Dans un article d’opinion paru mardi sur le site Middle Est Eye, Aziz Chahir a souligné qu’ »au Maroc, les libertés sont de plus en plus réprimées et la monarchie de plus en plus vulnérable ». « Le bâillonnement systématique » des libertés et les derniers jugements prononcés contre les défenseurs des droits de l’homme, les journalistes critiques ainsi que les intellectuels engagés « confirment la dérive autoritaire » du régime de Mohammed VI, a-t-il analysé.
« Une dérive dangereuse susceptible de conduire à une implosion sociale », prévient le chercheur.
D’après lui, le risque de l’implosion sociale est déjà palpable au Maroc, où « les indicateurs socioéconomiques du royaume sont dans le rouge et où les manifestations se multiplient pour protester contre la cherté de la vie et l’injustice sociale ».
Il rappelle qu’en février, des manifestations ont éclaté à Rabat et dans d’autres villes contre la hausse des prix des produits de première nécessité, les inégalités sociales « grandissantes » et la corruption. Et fin février, les transporteurs routiers ont mené une grève de plusieurs jours pour protester contre la hausse des prix du carburant.

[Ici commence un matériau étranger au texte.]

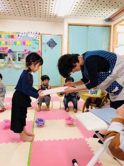 卒園式、おわかれ会では、きりん組さんが卒園証書を受け取り、みんなで思い出のアルバムを歌って、おわかれをしました💐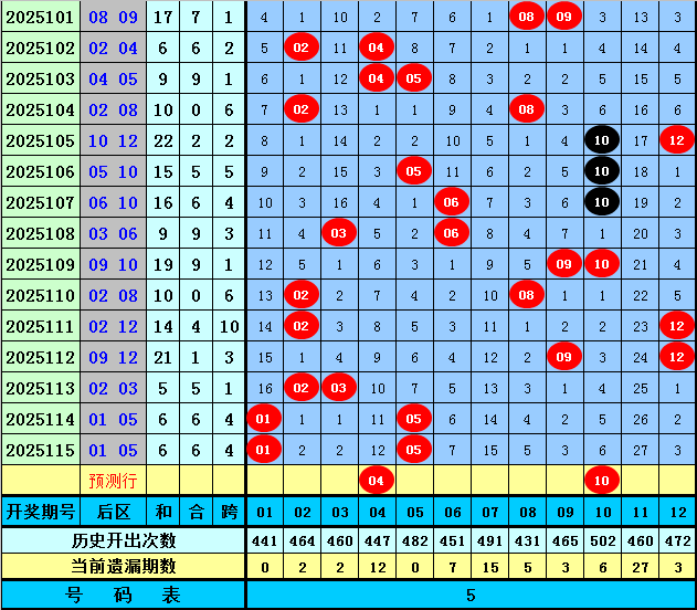 后区分析:上期后区开出奖号01和05,在最近50期开奖中,后区奖号012路落号比为33:35:32,前10期后区012路落号比为8:5:7,本期后区关注号码02、04、08、10、12,两码参考04、10。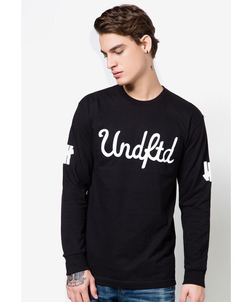 Black S Script Long Sleeve Tee by Undefeated features soft fabric with white typography on the front, back, and both sleeves, perfect for a relaxed, stylish getup.- Cotton blend- Round neckline- Long sleeves- Ribbed cuffs- Regular fit- Unlined

L’auteur rappelle encore que le 11 mars, plus de 40 enseignants ont été condamnés à deux mois de prison avec sursis pour avoir réclamé de meilleures conditions socio-professionnelles.
Quelques jours auparavant, le journaliste Omar Radi a été condamné en appel à six ans de prison ferme dans une double affaire d’ »espionnage » et de « viol ». Il s’agit du deuxième journaliste indépendant marocain condamné en une semaine à une lourde peine de prison pour des accusations à connotation sexuelle : un autre journaliste, Imad Stitou, 32 ans, a lui été condamné à un an de prison, dont six mois ferme, dans la même affaire de « viol », comme en première instance, précise le docteur en sciences politiques dans son article.

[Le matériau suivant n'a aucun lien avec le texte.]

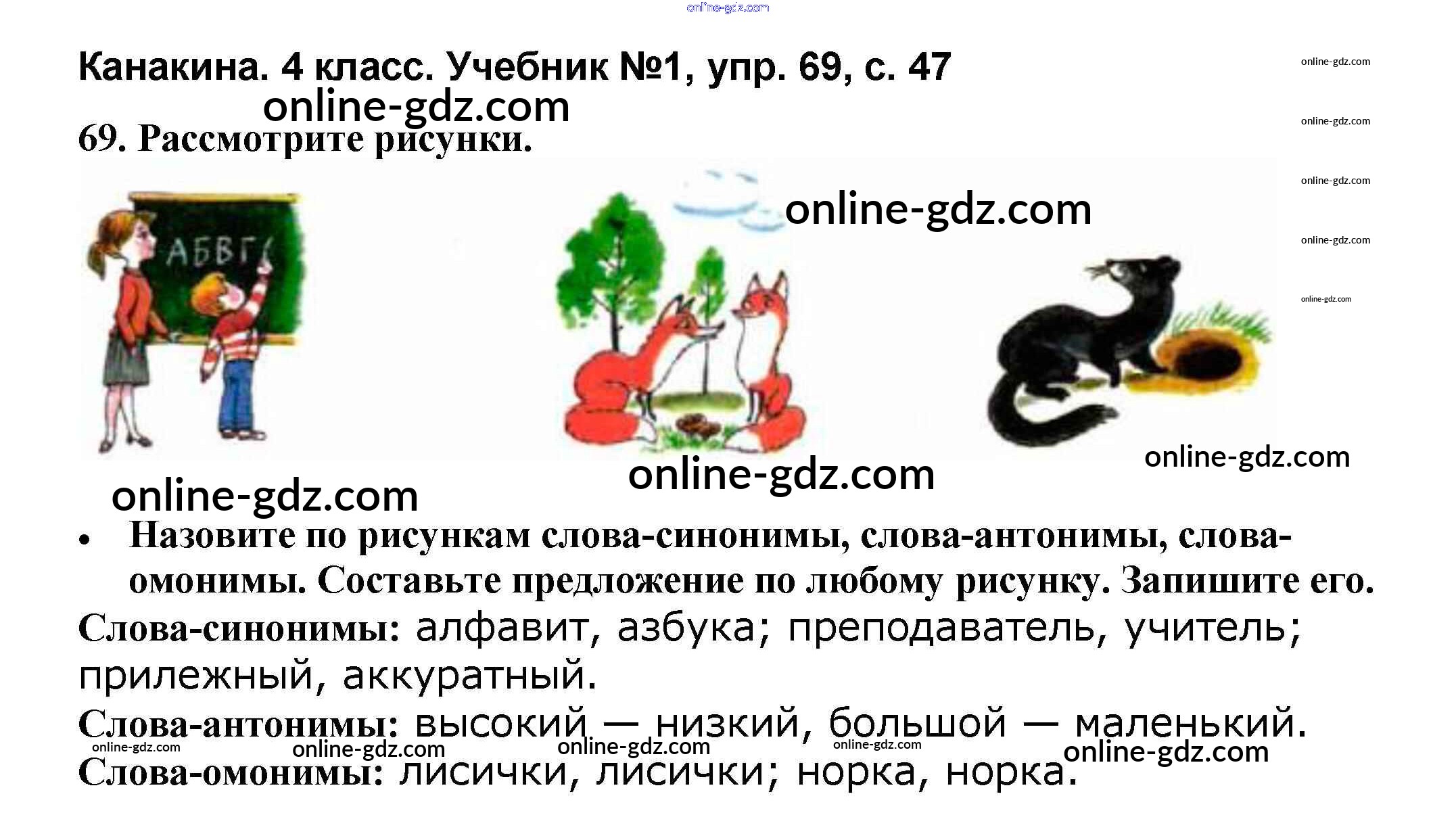 Готовые домашние задания по Русскому языку за 4 класс Учебник Канакина, Горецкий Школа России 2015 - Часть 1 69

Le 24 février, la justice marocaine a confirmé en appel une peine de cinq ans de prison ferme à l’encontre du journaliste indépendant Soulaiman Raissouni, pour « agression sexuelle ». La veille, l’avocat marocain et ex-ministre des Droits de l’homme, Mohamed Ziane, a été condamné à trois ans de prison ferme à la suite d’une plainte déposée par le ministère de l’Intérieur. En janvier, l’Association marocaine des droits humains (AMDH) a recensé 170 cas de poursuites judiciaires ou d’incarcérations visant des journalistes, blogueurs et militants de mouvements sociaux l’an dernier.
D’après Aziz Chahir, auteur de « Qui gouverne le Maroc : étude sociologique », « les autorités continuent de dénigrer les rapports attestant de la détérioration des droits de l’homme dans le royaume, à l’instar de la dernière publication de Human Rights Watch dénonçant notamment les poursuites judiciaires des opposants inspirées par des motifs politiques ».

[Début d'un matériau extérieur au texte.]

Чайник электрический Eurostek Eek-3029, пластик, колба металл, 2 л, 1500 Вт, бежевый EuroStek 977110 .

« Le pouvoir tente par tous les moyens de réduire au silence les détracteurs les plus récalcitrants : intimidation, persécution, lynchage médiatique, amendes, détentions arbitraires et condamnations », dénonce-t-il, ajoutant qu’ »au début des années 2000, le régime a tout fait ou presque pour museler une presse dite indépendante, dont la plupart des pionniers ont été poussés à l’exil après l’interdiction de leurs publications, souvent à la suite de condamnations abusives ».
A cet égard, il regrette que « vingt ans plus tard, la justice n’arrive toujours pas à marquer son indépendance vis-à-vis du pouvoir, en statuant dans des affaires à charge souvent fomentées par les services de renseignement ».